Many blockchains in use today could be within weeks of catastrophic failure due to problems with the consensus protocols they use. Here Vincent Gramoli shows why this is so, and lays out the solution.

Blockchains have begun to revolutionise various industries, some of which are critical. The attacks that successfully exploit blockchain vulnerabilities are frequent, and today the billions of dollars they trade remain at risk because of human errors. We see the catastrophic impacts of human errors in situations like the MCAS software failures, that led to the crashes of Boeing 737s. As blockchain use becomes more widespread, it is essential that machine-checked proofs should be used to mitigate human errors in the blockchain's most sensitive protocols, like its consensus protocol.

To apply blockchain technology to the real world, testing is no longer sufficient, and formal verification is now required.

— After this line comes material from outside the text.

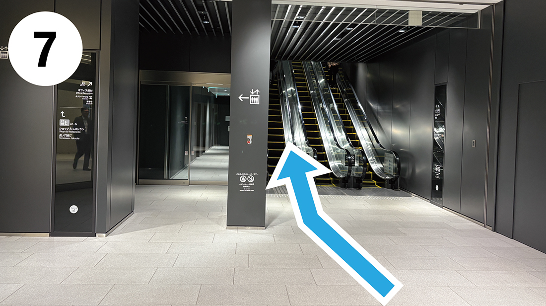 エスカレーターにて上へ進んでください。
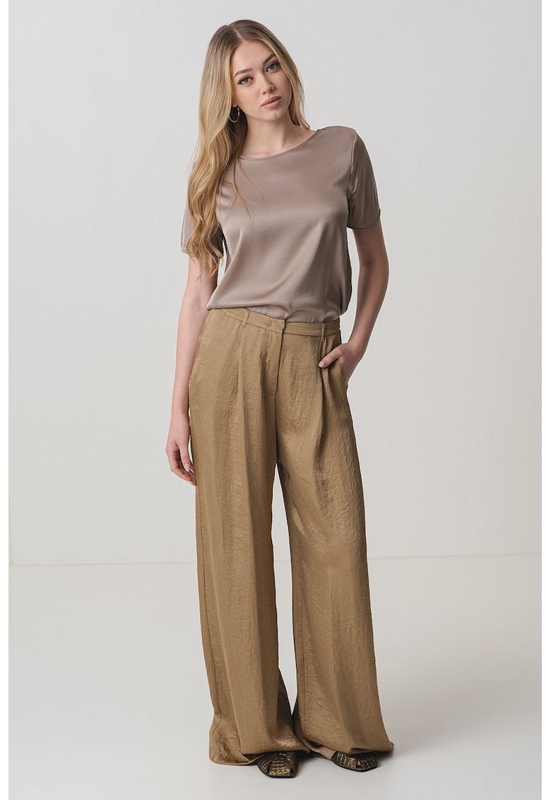 Caracteristici Culoare: maro deschis Stil: casual Material: acetat Imprimeu: uni Croiala: evazat Lungime: lungi Talie: inalta Detalii: buzunare laterale Sistem inchidere: fermoar

This is why Redbelly features, to our knowledge, the first formally verified blockchain consensus protocol.

Redbelly Blockchain builds upon years of research led by the University of Sydney and the Commonwealth Science Industry Research Organisation (CSIRO). In collaboration with European researchers, the Concurrent Systems Research Group designed a novel deterministic consensus algorithm that prevents the formation of forks, which is the main cause of double spending of digital assets in blockchains.

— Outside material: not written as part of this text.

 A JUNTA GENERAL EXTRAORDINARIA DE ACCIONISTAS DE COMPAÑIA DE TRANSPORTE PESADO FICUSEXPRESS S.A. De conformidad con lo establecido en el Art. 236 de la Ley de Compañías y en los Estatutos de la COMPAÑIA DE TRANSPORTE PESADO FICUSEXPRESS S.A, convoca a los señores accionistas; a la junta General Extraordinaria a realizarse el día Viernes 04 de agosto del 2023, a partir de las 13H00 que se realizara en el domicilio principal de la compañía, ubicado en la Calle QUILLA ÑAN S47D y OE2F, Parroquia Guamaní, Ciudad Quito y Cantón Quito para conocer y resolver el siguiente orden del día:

Vulnerabilities in classic blockchains

During 2016-2020, the research group identified various vulnerabilities in classic blockchains. Some of these vulnerabilities affected the Ethereum blockchain and were acknowledged by the security teams of geth and OpenEthereum (formerly known as parity).

They were presented to the Ethereum developer community and published in one of the top scientific conferences on security [1]. The commonality between these vulnerabilities is a disagreement on the block to append to the blockchain, leading the blockchain to fork. This fork allows an attacker to double spend by including conflicting transactions in the resulting blockchain branches. These discoveries served as the basis for the design of a more secure blockchain.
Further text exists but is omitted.